The Patriot Post® · Google Censors Pro-Life Ads
The tech giant Google has started banning Live Action’s pro-life advertisements. The exact date of the ban is unknown, but the timing is rather interesting. Not three weeks ago, a Texas law banning abortion after six weeks of gestation went into effect, so the topic of abortion is at the forefront of the national conversation.
On September 14, Lila Rose, president and founder of Live Action, stated that Google had banned all her company’s ads. Rose went a step further by saying Google is demonstrably choosing to side with “extremist pro-abortion political ideology” and that “Google’s censorship baldly reveals that the corporation is in the pocket of the abortion industry.”
BREAKING: At the request of abortion activists, @Google has just BANNED all of @LiveAction’s pro-life ads, including those promoting the Abortion Pill Reversal treatment, a resource that has saved 2500 children to date.
— Lila Rose (@LilaGraceRose) September 14, 2021
RT! pic.twitter.com/jfVuvy8Tkc
The consequences of this ad ban are pernicious and far-reaching. By censoring these ads, Google is essentially eliminating choices for these women. Furthermore, by showing them only one option — the most evil option — it is essentially allowing abortion mills and others to prey on vulnerable women and preborn babies.
Google did proffer an explanation for the ban. The ads it particularly objected to were about the Abortion Pill Reversal hotline. Google admitted the reason for the ban was based on a post from the American College of Obstetricians and Gynecologists (AGOC), which asserts that the reversal pills are not backed up by science.
The AGOC states:
A 2012 case series reported on six women who took mifepristone and were then administered varying progesterone doses. Four continued their pregnancies. This is not scientific evidence that progesterone resulted in the continuation of those pregnancies. This study was not supervised by an institutional review board (IRB) or an ethical review committee, required to protect human research subjects, raising serious questions regarding the ethics and scientific validity of the results. Case series with no control groups are among the weakest forms of medical evidence.

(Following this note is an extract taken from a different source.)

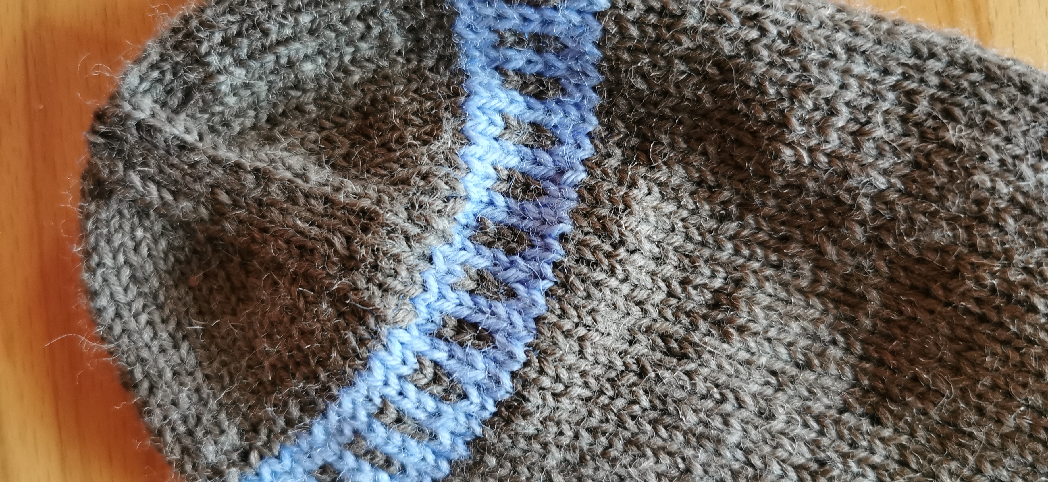 Kurze Socke mit kleinem graphischen Muster. Das Modell hat ein ca.2,5cm breites, geripptes Bündchen. Am kurzen Schaft der glatt gestrickten Socke wurde eine ca. 2,5cm breite Musterbordüre in Kontrastfarbe eingearbeitet. Eine passende, ca. 1,5cm breite Bordüre befindet sich am Übergang vom Fuß zur Spitze. Das Modell wurde mit Bumerangferse und Bandspitze gearbeitet und ist ein Einzelstück.

In other words, it asserts that since the 2012 case series were more anecdotal and not necessarily scientifically conducted, and since there hasn’t been an official study of it by a review board, the ACOG had serious concerns. But according to Rose, the Abortion Pill Reversal hotline has saved many babies’ lives in spite of the “serious concerns” of the ACOG.
As far as Google’s censorship of this particular ad is concerned, this reasoning seems fair enough. After all, Google has rules and policies for its advertisements and will use the resources at its disposal to ensure the ads are legit. The only problem is that the abortion pills it allows to be advertised — which have sent thousands of women to the hospital and resulted in the death of at least 10 women — are far more dangerous. So much for standards.
Furthermore, Google also banned the “Baby Olivia” ad, which is indefensible. In fact, Google ultimately conceded this ad did not violate its policies and rescinded the ban. Its final statement on the subject declared: “Beyond protecting users from medical harm, our policies do not distinguish between promoting pro-choice and pro-life messages. Advertisers are allowed to offer either abortion or abortion-alternative services.”
However, Rose insists this is not the case at all. She claims that abortion activists knew that these ads were making a difference and pressured Google into shutting them down. This claim could very well be true. New York Governor Kathy Hochul was very vocal in her objections to Texas’s new law, even threatening to put companies such as Facebook under pressure to stem the flow of so-called misinformation. She said at the Women’s Rights Pioneers Monument in Central Park, “There’s accountability and responsibility at the top of those companies to help tell the truth across this nation.”
This Google-ban scandal, coming on the heels of the new Texas law, seems like a strategic strike against the pro-life camp. But for every abortion activist like Governor Hochul, there are pro-life lawmakers who will take up the banner to challenge big companies like Google and Facebook. Yesterday, 12 senators signed letters calling for Google to reinstate all of Live Actions’s ads. Thank goodness for the vigilance of Lila Rose and these senators for quickly standing up for life and calling out the iniquity of this company.